• Task objective:
Write the data out again, character for character, with no images.

• Dataset excerpts:
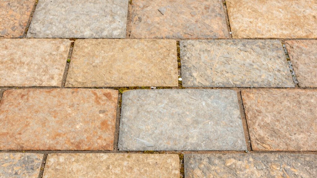 You should choose stones like granite and basalt, known for their weather resistance. Look for stones with a dense, fine-grained texture, which helps withstand harsh weather. Consider quarry location too, as stones from cooler climates often develop better durability. These factors guarantee your stone maintains its appearance over time. By selecting the right texture and source, you’ll enjoy a resilient, long-lasting surface that stays attractive for years.
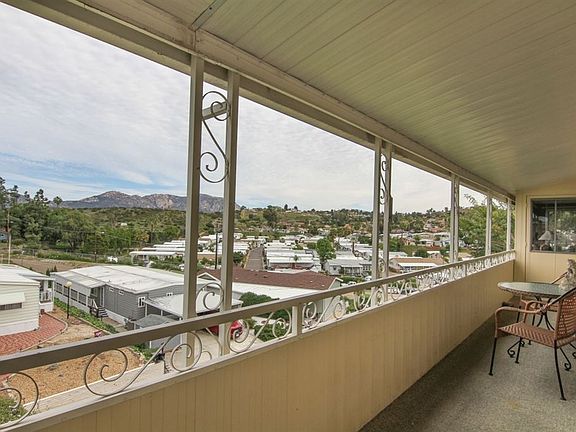 Priced to sell! Will go Fast! Do not miss this opportunity to live in the desired Lake Jennings Park Estates 55+up gated community. Enjoy quiet sunsets with gorgeous views of the lake and mountains from your covered patio and enclosed large bonus room. Amenities include community pool, spa, gym and clubhouse. This very spacious open concept 2 bedroom 2 bath is ready for some TLC. Home also includes large bonus room addition with beautiful views! 2 additional storage sheds with electricity.
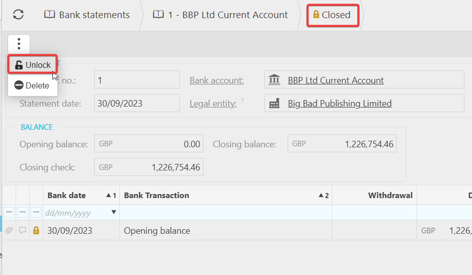 - Navigate to the statement shown in the Bank Statement column.
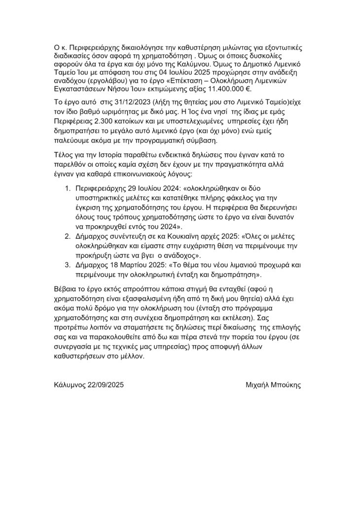 Επιπλέον αναφέρει στην σημερινή επιστολή, πως είχε παραδώσει στην νέα Δημοτική Αρχή πλήρες φάκελο και το έργο ήταν έτοιμο για χρηματοδότηση, παραπέμποντας «στα έγγραφα του Υπουργείου Ναυτιλίας και Νησιωτικής Πολιτικής που χαρακτήριζαν το έργο ένα από τα πλέον ώριμα έργα στο Αιγαίο και από τα πρώτα έργα που είχε προγραμματίσει για χρηματοδότηση». Είναι προφανές πως ο τ. πρόεδρος του Λιμενικού Ταμείου καταλογίζει καθυστερήσεις στην Περιφέρεια για την πρόοδο του έργου, που – κατά την γνώμη του – το 2024, όταν παρέδωσε, ήταν έτοιμο για χρηματοδότηση.
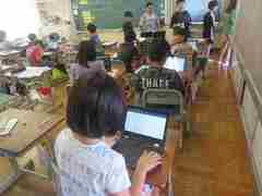 今日の3時間目に5年生が、タブレットで長山小学校とmeetを行い、来月の宿泊学習についての話し合いをしました。
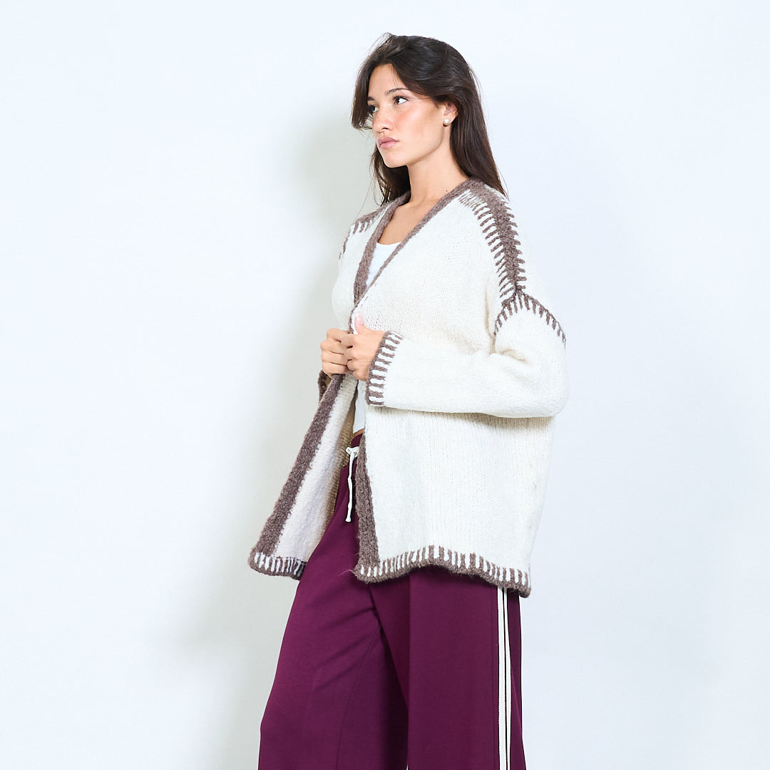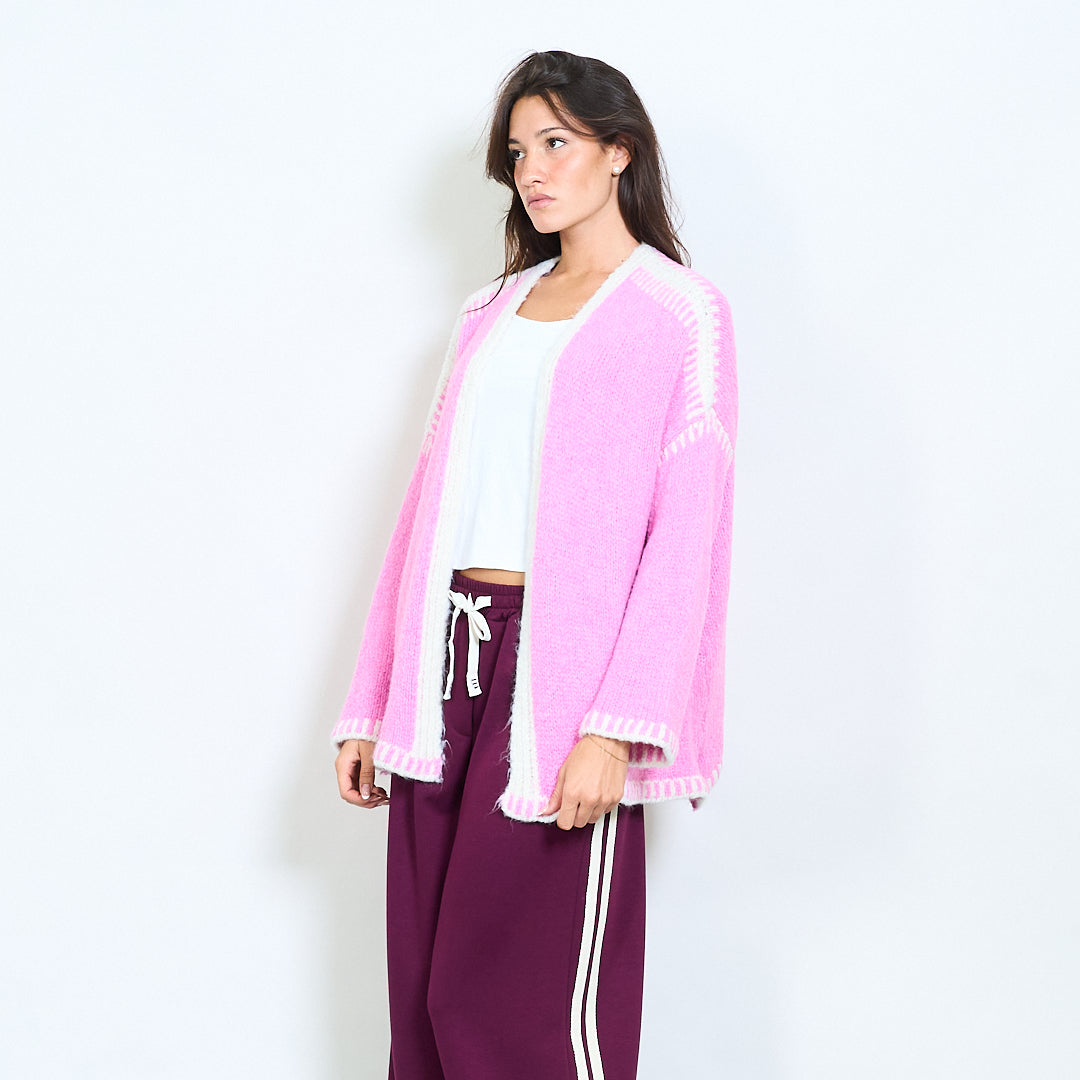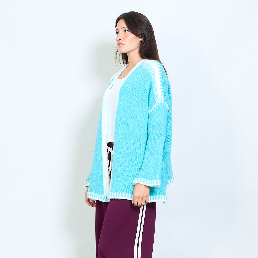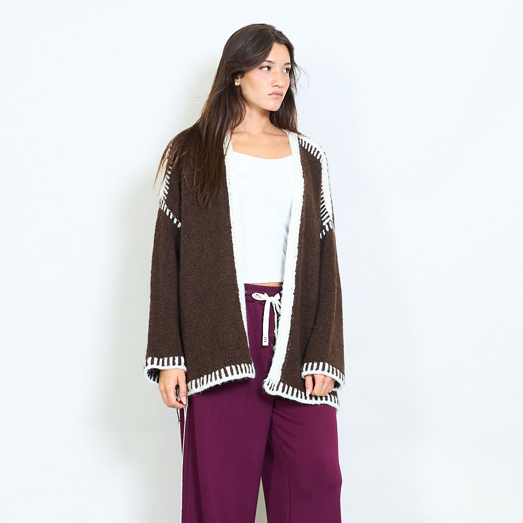 Atveriet priekšējo adītu jaku ar kontrasta apdares vairumtirdzniecību
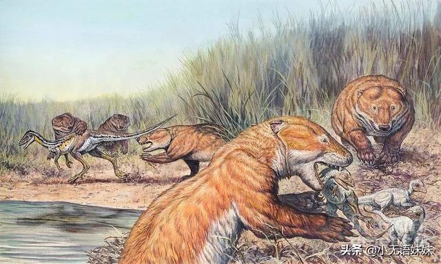尽管哺乳动物中出现了爬兽这种掠食者,但是仅仅有一米长,体型和一只狗差不多,是不足以抗衡恐龙的。虽然说是吃恐龙的哺乳,但是仅仅发现一具未消化的幼年鹦鹉嘴龙,而鹦鹉嘴龙本身就是小型恐龙罢了。所以那个年代,哪怕是爬兽也是活在各种大型恐龙的阴影之下。吃恐龙的爬兽
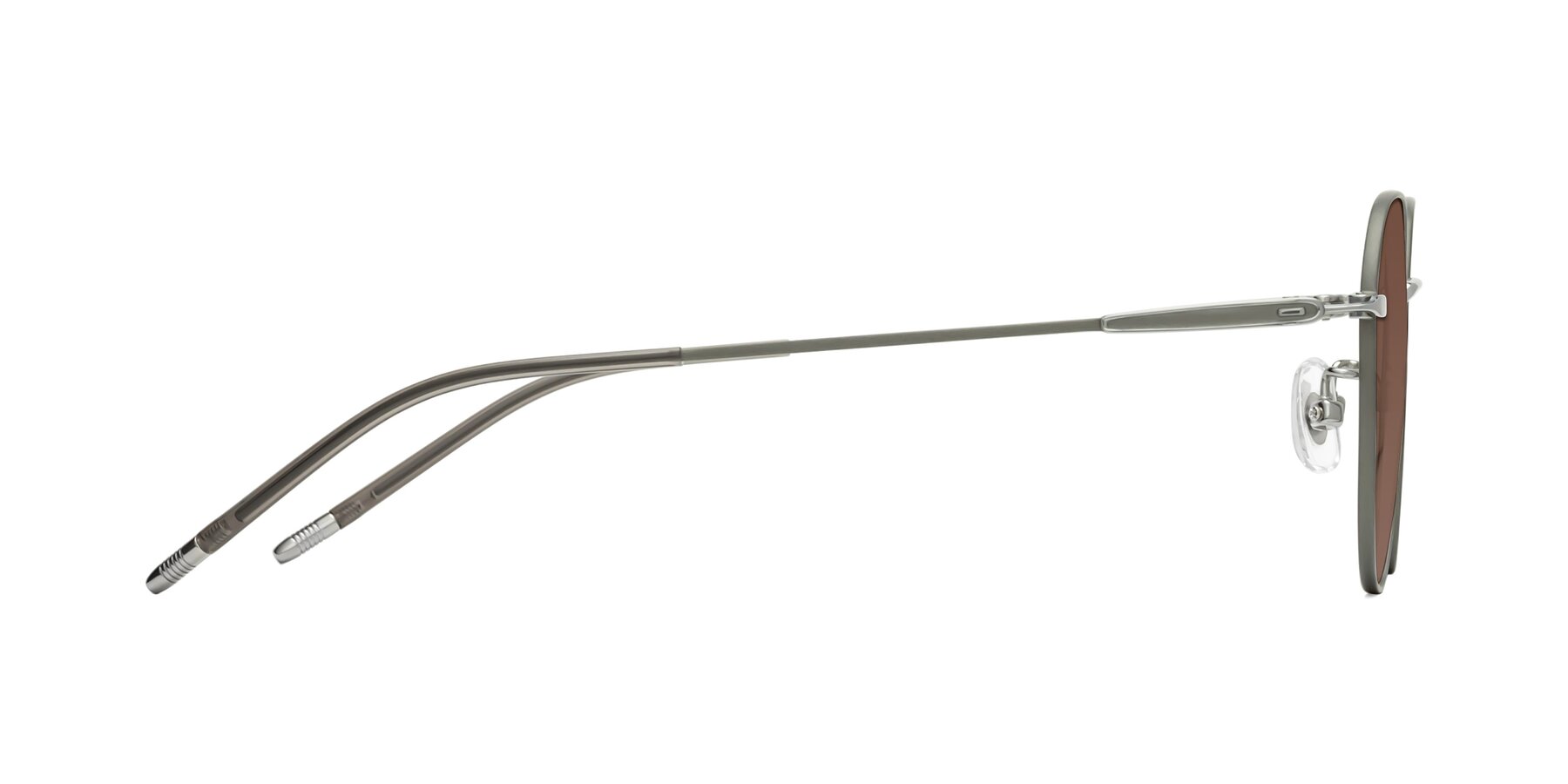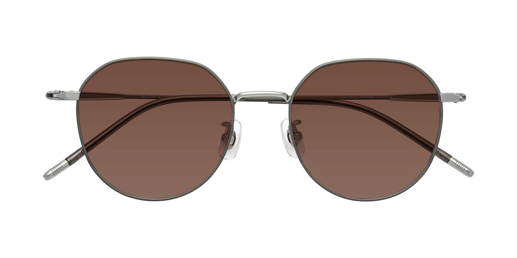 Metallic Gray Titanium Round Geometric Tinted Sunglasses with Brown Sunwear Lenses
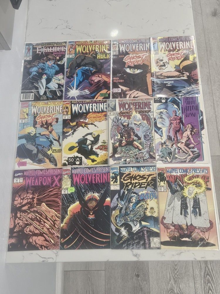 All comics are priced individually. Bulk deal for all 11 comic books $45 total. *Marvel Comics Presents #32 1989 Newsstand, Todd McFarlane Cover $8 *Marvel Comics Presents #55 1990 Wolverine vs Hulk $5 *Marvel Comics Presents #64 1990 Wolverine Ghost Rider $4 *Marvel Comics Presents #65 1990 Wolverine Ghost Rider $4 *Marvel Comics Presents #66 1990 Wolverine Ghost Rider Cover $4 *Marvel Comics Presents #68 1991 Wolverine Ghost Rider Cover $4 *Marvel Comics Presents #69 1991 Wolverine Ghost Rider Cover $4 *Marvel Comics Presents #84 1991 Weapon X $8 *Marvel Comics Presents #89 1991 1st Joe Madureira Work Full $8 *Marvel Comics Presents #90 1991 Ghost Rider & Cable, Wolverine other cover $4 *Marvel Comics Presents #100 Flip Cover Issue, Wolverine Lifting 100 on back w/Ghost Rider $5 I have other listings for sale. Willing to trade for other comic books, vinyl records, weights, vintage video games, Jordans, anything related to the Marvel characters Venom, wrenches, ratchets, socket
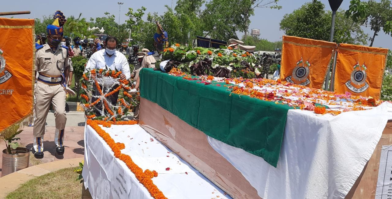 Handwara, Terrorist Attack, Latest Photos Update from Gaya: बोधगया : उत्तरी कश्मीर के हंदवाड़ा में सोमवार की शाम आतंकी हमले में शहीद हुए औरंगाबाद जिले के गोह थाना क्षेत्र के देवहरा गांव निवासी जवान संतोष कुमार मिश्रा का शव बुधवार की सुबह विशेष विमान से गया एयरपोर्ट पर पहुंचा. गया एयरपोर्ट पर सीआरपीएफ के आईजी, डीआईजी, कमांडेंट सहित गया के जिलाधिकारी अभिषेक सिंह, एसएसपी राजीव मिश्रा, सिटी एसपी राकेश कुमार सहित सीआईएसएफ के अधिकारियों और जवानों ने सलामी दी. इसके बाद शहीद के पार्थिव शरीर को औरंगाबाद स्थित शहीद के गांव रवाना कर दिया.
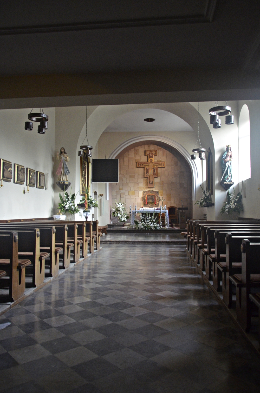 Patrząc na bryłę klasztoru (zdjęcie 3), próżno dopatrywać się w niej cech którejkolwiek epoki – to efekt licznych przebudów. Zachowały się jednak renesansowe krużganki (piękne!) z późnogotycką, kamienną figurą Świętej Katarzyny. Druga, drewniana, została umieszczona w kościele. Wieść głosi, że w dawnych wiekach przywieziono ją tutaj z północnej Afryki, jednak obecna rzeźba jest prawdopodobnie kopią zaginionego w pożarze oryginału. Ach, dużo niewiadomych.
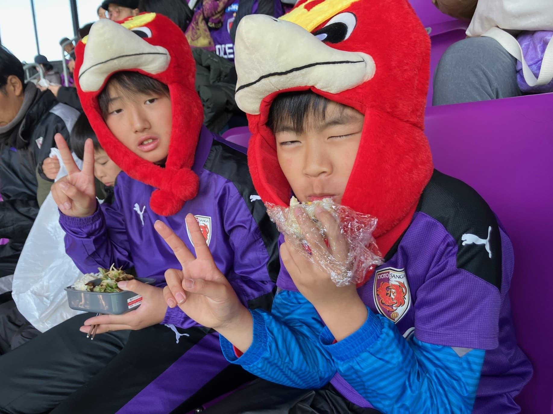試合後のセレモニーでは、曺貴裁監督やキャプテンの福岡慎平選手の言葉に真剣に耳を傾け、努力や継続の大切さ、チームとして挑戦する姿勢について学ぶ貴重な時間となりました。
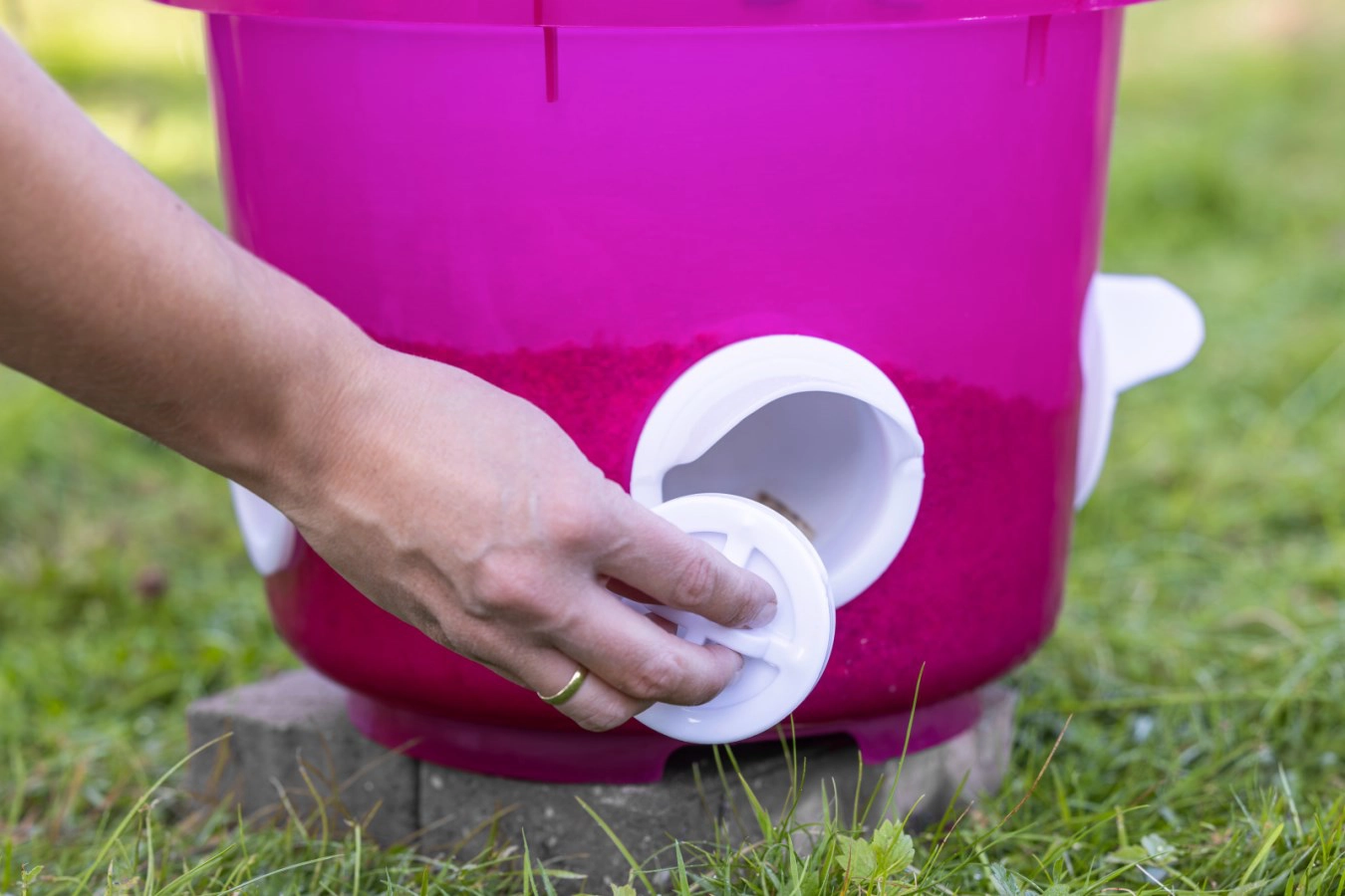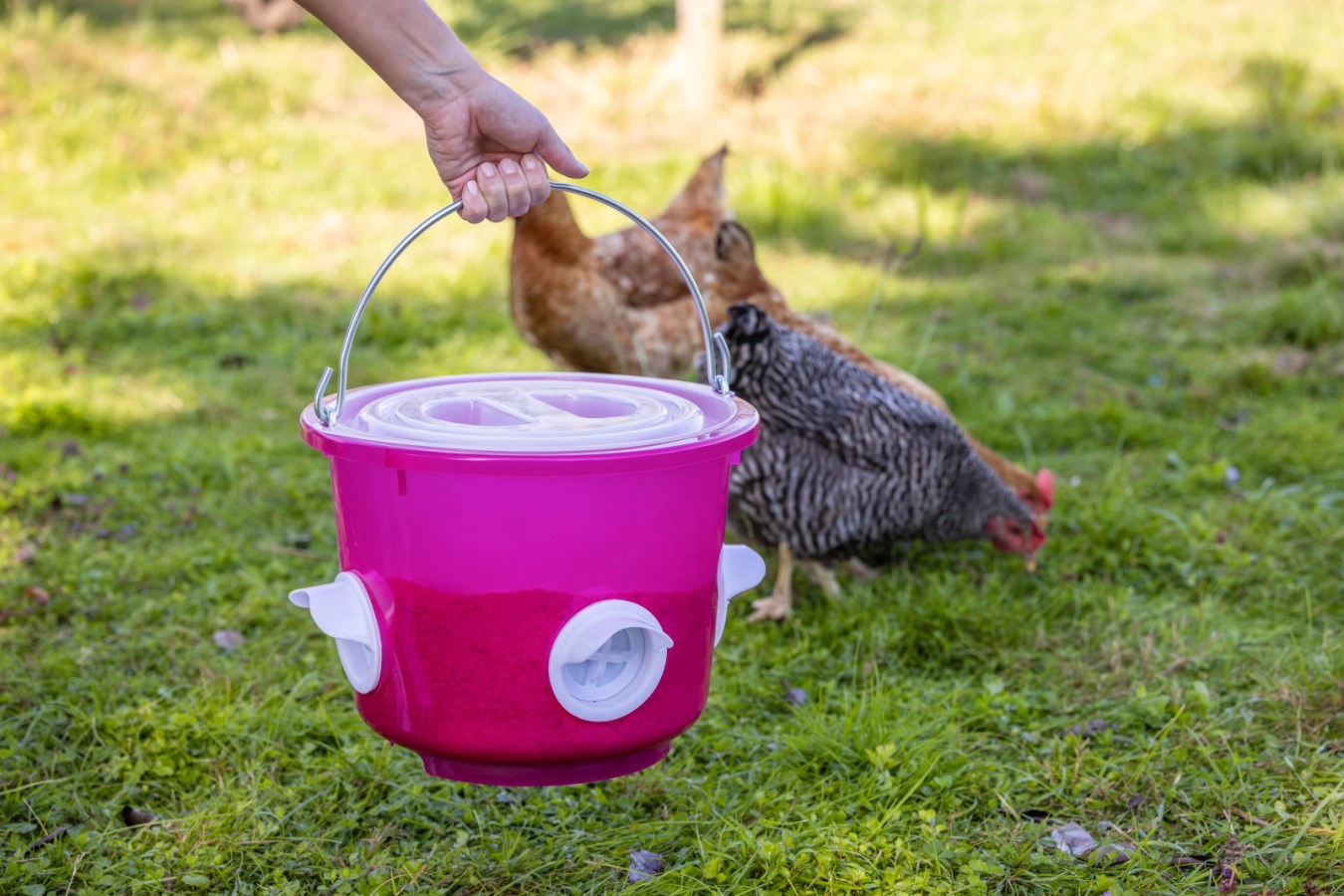 Robust und für Hühner ausgelegt: Das Material des 12-Liter-Eimers ist auf die Anforderungen im privaten Geflügelhof abgestimmt. Unorganisierte Fütterung, Verschmutzungen und Futterverlust können minimiert werden.

• Written reply:
 You should choose stones like granite and basalt, known for their weather resistance. Look for stones with a dense, fine-grained texture, which helps withstand harsh weather. Consider quarry location too, as stones from cooler climates often develop better durability. These factors guarantee your stone maintains its appearance over time. By selecting the right texture and source, you’ll enjoy a resilient, long-lasting surface that stays attractive for years.
 Priced to sell! Will go Fast! Do not miss this opportunity to live in the desired Lake Jennings Park Estates 55+up gated community. Enjoy quiet sunsets with gorgeous views of the lake and mountains from your covered patio and enclosed large bonus room. Amenities include community pool, spa, gym and clubhouse. This very spacious open concept 2 bedroom 2 bath is ready for some TLC. Home also includes large bonus room addition with beautiful views! 2 additional storage sheds with electricity.
 - Navigate to the statement shown in the Bank Statement column.
 Επιπλέον αναφέρει στην σημερινή επιστολή, πως είχε παραδώσει στην νέα Δημοτική Αρχή πλήρες φάκελο και το έργο ήταν έτοιμο για χρηματοδότηση, παραπέμποντας «στα έγγραφα του Υπουργείου Ναυτιλίας και Νησιωτικής Πολιτικής που χαρακτήριζαν το έργο ένα από τα πλέον ώριμα έργα στο Αιγαίο και από τα πρώτα έργα που είχε προγραμματίσει για χρηματοδότηση». Είναι προφανές πως ο τ. πρόεδρος του Λιμενικού Ταμείου καταλογίζει καθυστερήσεις στην Περιφέρεια για την πρόοδο του έργου, που – κατά την γνώμη του – το 2024, όταν παρέδωσε, ήταν έτοιμο για χρηματοδότηση.
 今日の3時間目に5年生が、タブレットで長山小学校とmeetを行い、来月の宿泊学習についての話し合いをしました。
 Atveriet priekšējo adītu jaku ar kontrasta apdares vairumtirdzniecību
尽管哺乳动物中出现了爬兽这种掠食者,但是仅仅有一米长,体型和一只狗差不多,是不足以抗衡恐龙的。虽然说是吃恐龙的哺乳,但是仅仅发现一具未消化的幼年鹦鹉嘴龙,而鹦鹉嘴龙本身就是小型恐龙罢了。所以那个年代,哪怕是爬兽也是活在各种大型恐龙的阴影之下。吃恐龙的爬兽
 Metallic Gray Titanium Round Geometric Tinted Sunglasses with Brown Sunwear Lenses
 All comics are priced individually. Bulk deal for all 11 comic books $45 total. *Marvel Comics Presents #32 1989 Newsstand, Todd McFarlane Cover $8 *Marvel Comics Presents #55 1990 Wolverine vs Hulk $5 *Marvel Comics Presents #64 1990 Wolverine Ghost Rider $4 *Marvel Comics Presents #65 1990 Wolverine Ghost Rider $4 *Marvel Comics Presents #66 1990 Wolverine Ghost Rider Cover $4 *Marvel Comics Presents #68 1991 Wolverine Ghost Rider Cover $4 *Marvel Comics Presents #69 1991 Wolverine Ghost Rider Cover $4 *Marvel Comics Presents #84 1991 Weapon X $8 *Marvel Comics Presents #89 1991 1st Joe Madureira Work Full $8 *Marvel Comics Presents #90 1991 Ghost Rider & Cable, Wolverine other cover $4 *Marvel Comics Presents #100 Flip Cover Issue, Wolverine Lifting 100 on back w/Ghost Rider $5 I have other listings for sale. Willing to trade for other comic books, vinyl records, weights, vintage video games, Jordans, anything related to the Marvel characters Venom, wrenches, ratchets, socket
 Handwara, Terrorist Attack, Latest Photos Update from Gaya: बोधगया : उत्तरी कश्मीर के हंदवाड़ा में सोमवार की शाम आतंकी हमले में शहीद हुए औरंगाबाद जिले के गोह थाना क्षेत्र के देवहरा गांव निवासी जवान संतोष कुमार मिश्रा का शव बुधवार की सुबह विशेष विमान से गया एयरपोर्ट पर पहुंचा. गया एयरपोर्ट पर सीआरपीएफ के आईजी, डीआईजी, कमांडेंट सहित गया के जिलाधिकारी अभिषेक सिंह, एसएसपी राजीव मिश्रा, सिटी एसपी राकेश कुमार सहित सीआईएसएफ के अधिकारियों और जवानों ने सलामी दी. इसके बाद शहीद के पार्थिव शरीर को औरंगाबाद स्थित शहीद के गांव रवाना कर दिया.
 Patrząc na bryłę klasztoru (zdjęcie 3), próżno dopatrywać się w niej cech którejkolwiek epoki – to efekt licznych przebudów. Zachowały się jednak renesansowe krużganki (piękne!) z późnogotycką, kamienną figurą Świętej Katarzyny. Druga, drewniana, została umieszczona w kościele. Wieść głosi, że w dawnych wiekach przywieziono ją tutaj z północnej Afryki, jednak obecna rzeźba jest prawdopodobnie kopią zaginionego w pożarze oryginału. Ach, dużo niewiadomych.
試合後のセレモニーでは、曺貴裁監督やキャプテンの福岡慎平選手の言葉に真剣に耳を傾け、努力や継続の大切さ、チームとして挑戦する姿勢について学ぶ貴重な時間となりました。
 Robust und für Hühner ausgelegt: Das Material des 12-Liter-Eimers ist auf die Anforderungen im privaten Geflügelhof abgestimmt. Unorganisierte Fütterung, Verschmutzungen und Futterverlust können minimiert werden.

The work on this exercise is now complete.